Number two is that the hardware we use to support the software, a lot of that is virtualized and cloud-based. A lot of that is built as commodity hardware and it's built in as minimal location as possible, because it's not just about the infrastructure, it's about maintaining the infrastructure, doing lifecycle management, upgrading the infrastructure, etc.
So we're moving to a world where maybe 10 years ago, 20 years ago, we used to be 90% hardware, 10% software. Now we are in a world where 90% is software, 10% is hardware. And even the hardware—we talk about white boxes and off-the-shelf hardware, a very different world than has ever been before.

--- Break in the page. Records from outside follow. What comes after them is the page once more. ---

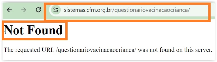 — a URL/questionáriovacinaçaocrianca/não foi encontrada neste servidor (do CFM), diz a mensagem em resposta à sua demanda.
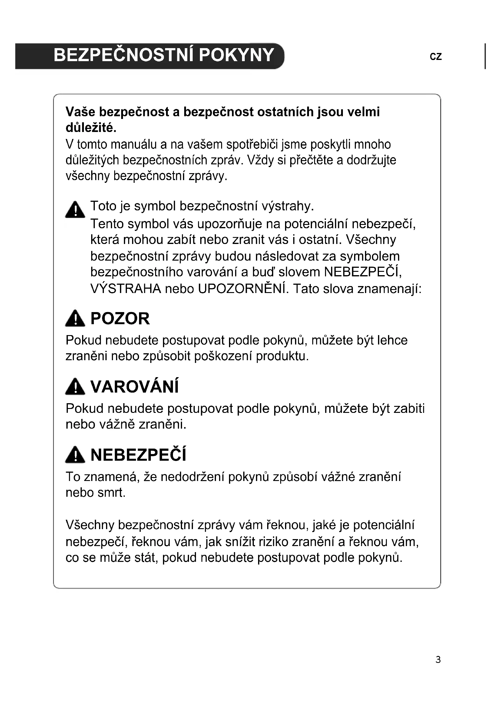 Vaše bezpečnost a bezpečnost ostatních jsou velmi důležité. V tomto manuálu a na vašem spotřebiči jsme poskytli mnoho důležitých bezpečnostních zpráv. Vždy si přečtěte a dodržujte všechny bezpečnostní zprávy. Toto je symbol bezpečnostní výstrahy. Tento symbol vás upozorňuje na potenciální nebezpečí, která mohou zabít nebo zranit vás i ostatní. Všechny bezpečnostní zprávy budou následovat za symbolem bezpečnostního varování a buď slovem NEBEZPEČÍ, VÝSTRAHA nebo UPOZORNĚNÍ. Tato slova znamenají: POZOR Pokud nebudete postupovat podle pokynů, můžete být lehce zraněni nebo způsobit poškození produktu. VAROVÁNÍ Pokud nebudete postupovat podle pokynů, můžete být zabiti nebo vážně zraněni. NEBEZPEČÍ To znamená, že nedodržení pokynů způsobí vážné zranění nebo smrt. Všechny bezpečnostní zprávy vám řeknou, jaké je potenciální nebezpečí, řeknou vám, jak snížit riziko zranění a řeknou vám, co se může stát, pokud nebudete postupovat podle pokynů.
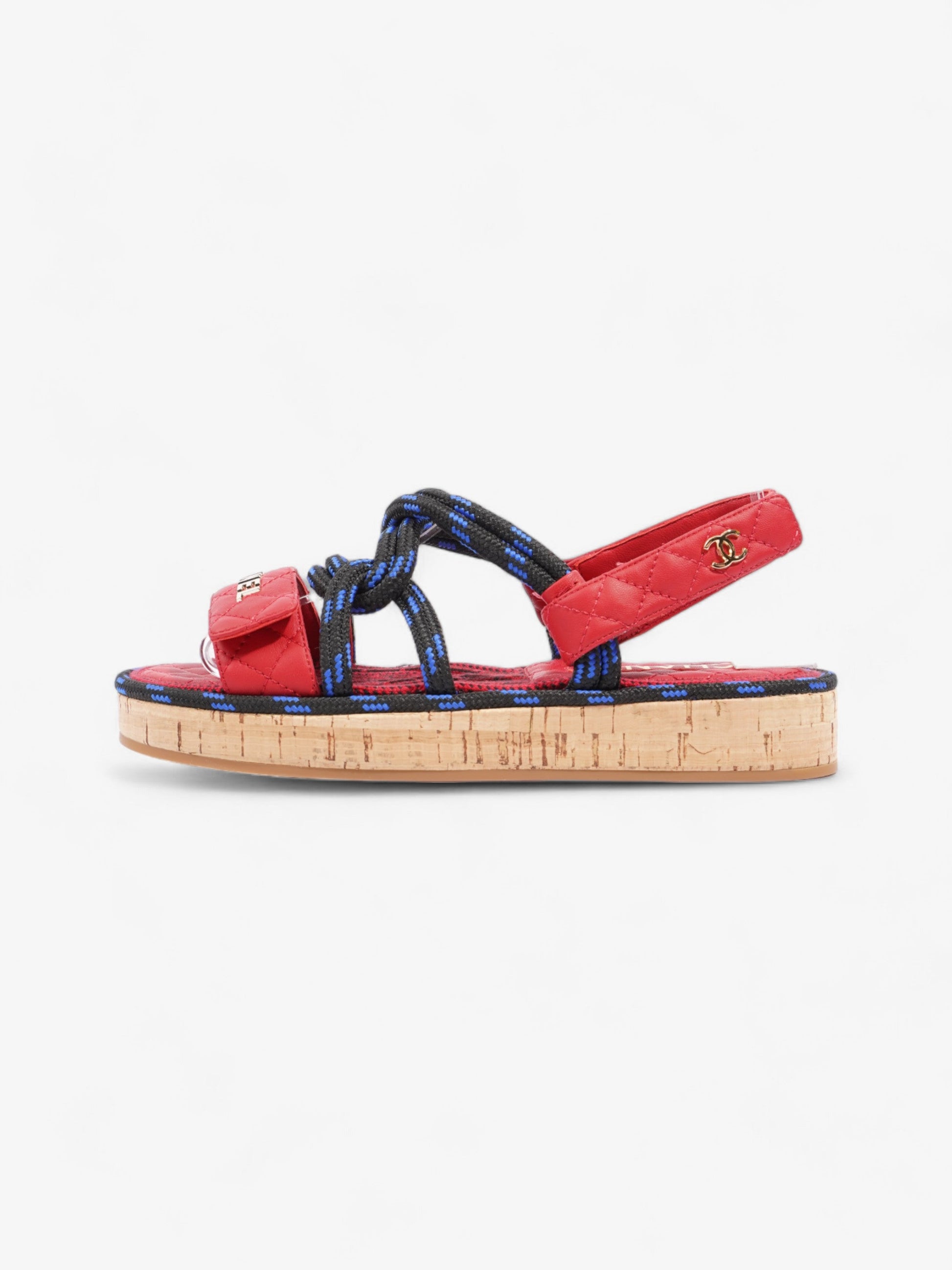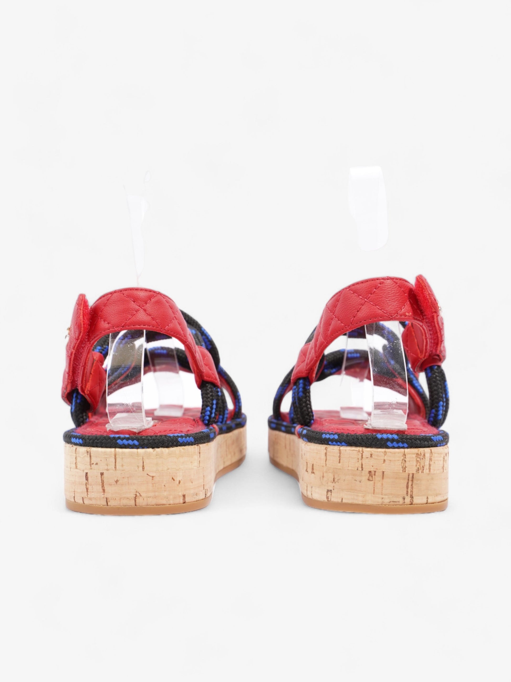 Chanel Dad Cord Sandals Red / Blue / Black Calfskin Leather EU 38 UK 5
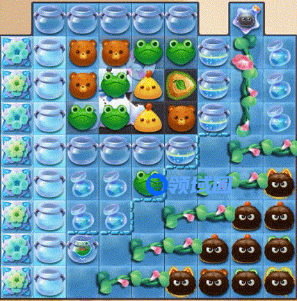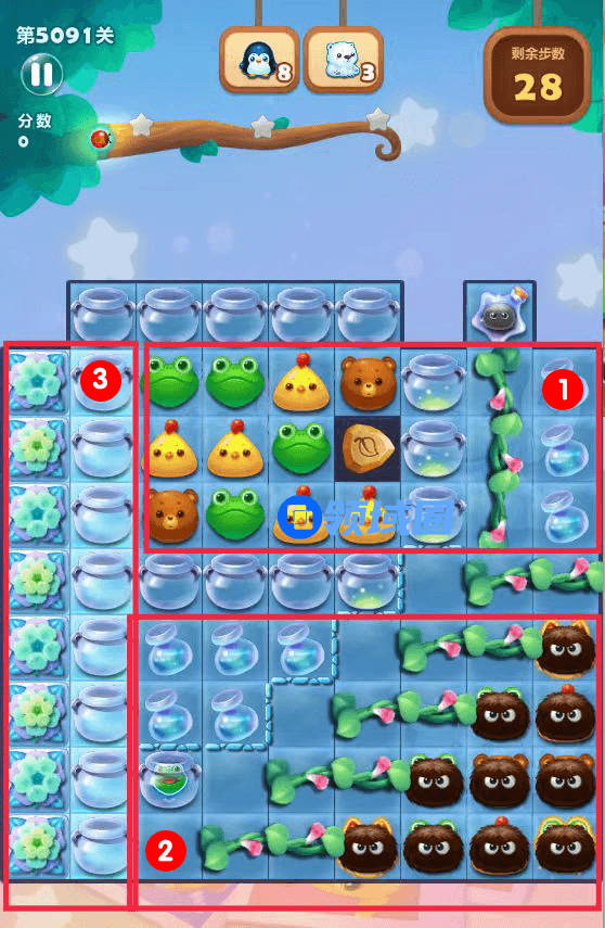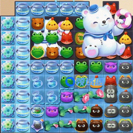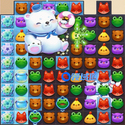 贴边三消/留意特效组合,消除剩余雪块救出小动物。
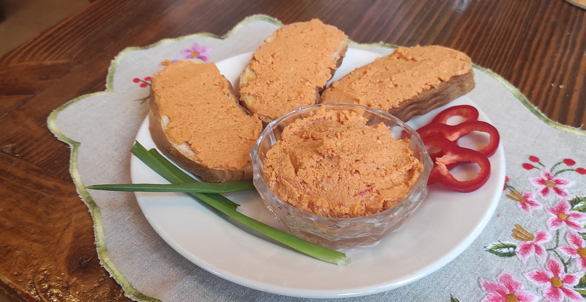 Этот куриный паштет, окрашенный в яркий рыжий цвет, способен поднять настроение даже в самые пасмурные дни. Вкус нежного филе курицы гармонично сочетается с ореховыми нотами кунжута и сладостью болгарского перца, создавая воспоминания о теплом лете и солнечных днях.
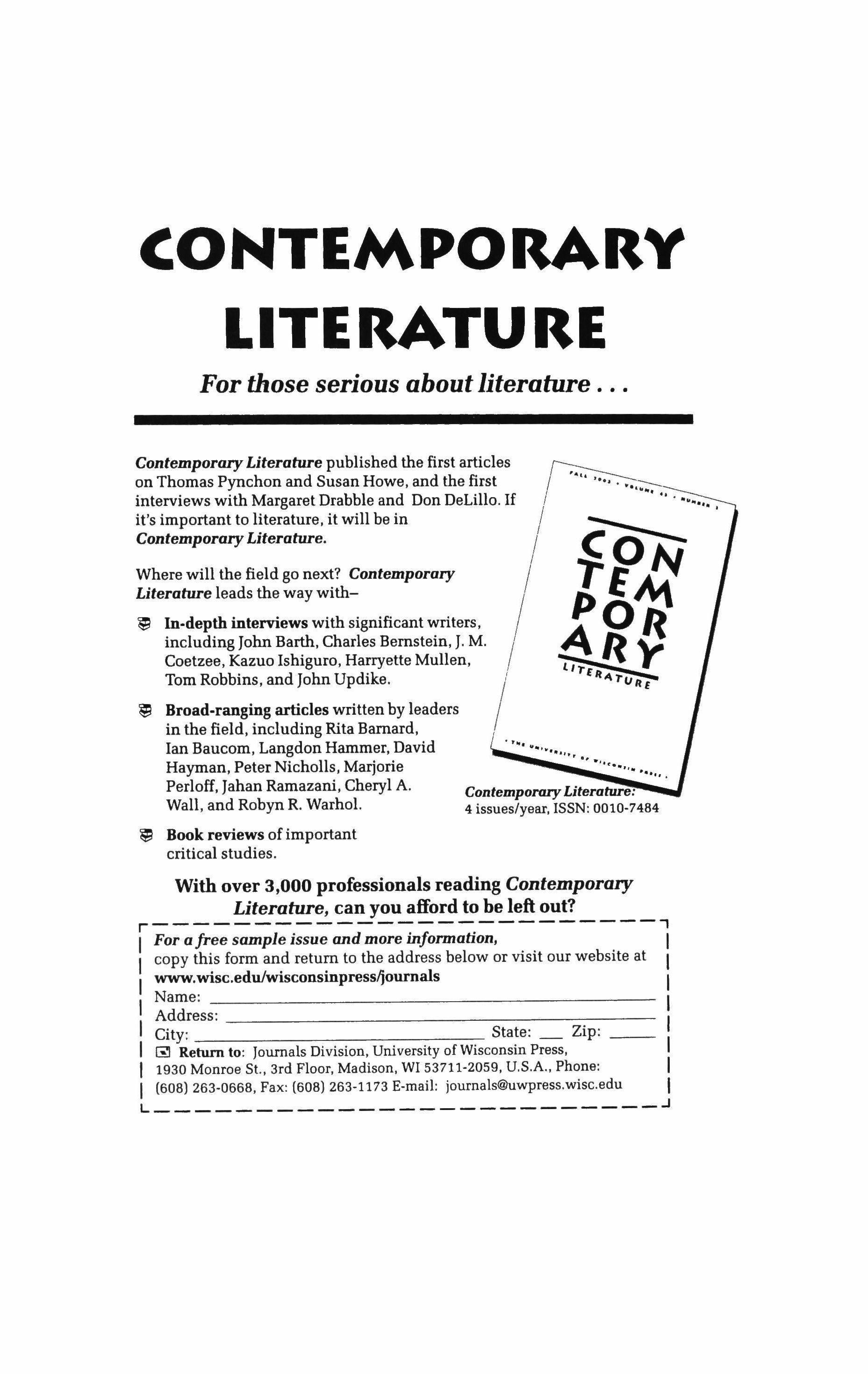 With over 3,000 professionals reading Contemporary Literature, can you afford to be left out?
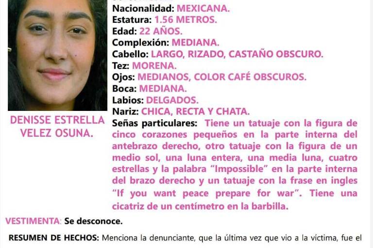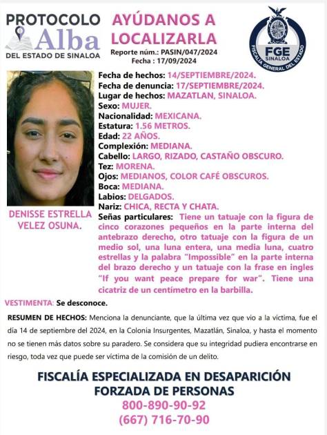 MAZATLÁN._ La Fiscalía General de Sinaloa, a través del Protocolo Alba del estado, emitió reporte para localizar a la joven Denisse Estrella Velez Osuna, quien se encuentra desaparecida desde el pasado sábado 14 de septiembre, cuando fue vista por última vez en la Colonia Insurgentes, en Mazatlán.
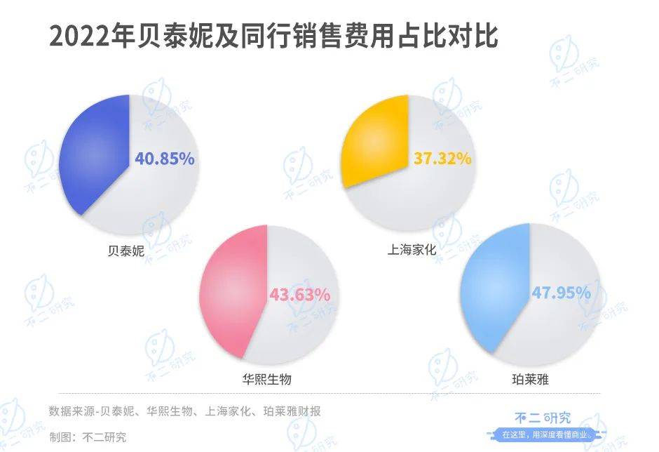 財報顯示,貝泰妮銷售費用率常年高于40%。2018年-2022年,貝泰妮銷售費用分別為5.03億元、8.43億元、11.07億元、16.81億元和20.48億元,均高于凈利潤水平;銷售費用占營收比重分別為40.52%、43.39%、41.99%、41.79%和40.85%。

So that entire view of capital investments and infrastructure investment or even 5G, is completely different in 4G, and completely different in any other Gs before that.
All right. Well, it looks like we're running out of time here. If people want to keep up with AT&T Labs and you and all the things you all are doing, can you throw out a few things to follow or find or search for?
Yeah, absolutely. So number one is that we have a website www.research.att.com. You can search for AT&T Labs and AT&T Foundry, [and] you'll find a lot of information about us. You could look at a lot of the open-source. One of the things AT&T Labs feels very strongly about [is] we've started a movement a few years ago about openness and open innovation, and a lot of the software we build, we actually put it in the open source. We've put out over 10 million lines of code just in two years, so go to our innovation channel, also on LinkedIn, and you'll see a lot of information about AT&T Labs.
All right, I want to thank you so much for the time. It was a fascinating half hour.
Thank you so much, I appreciate the invitation, have a wonderful day.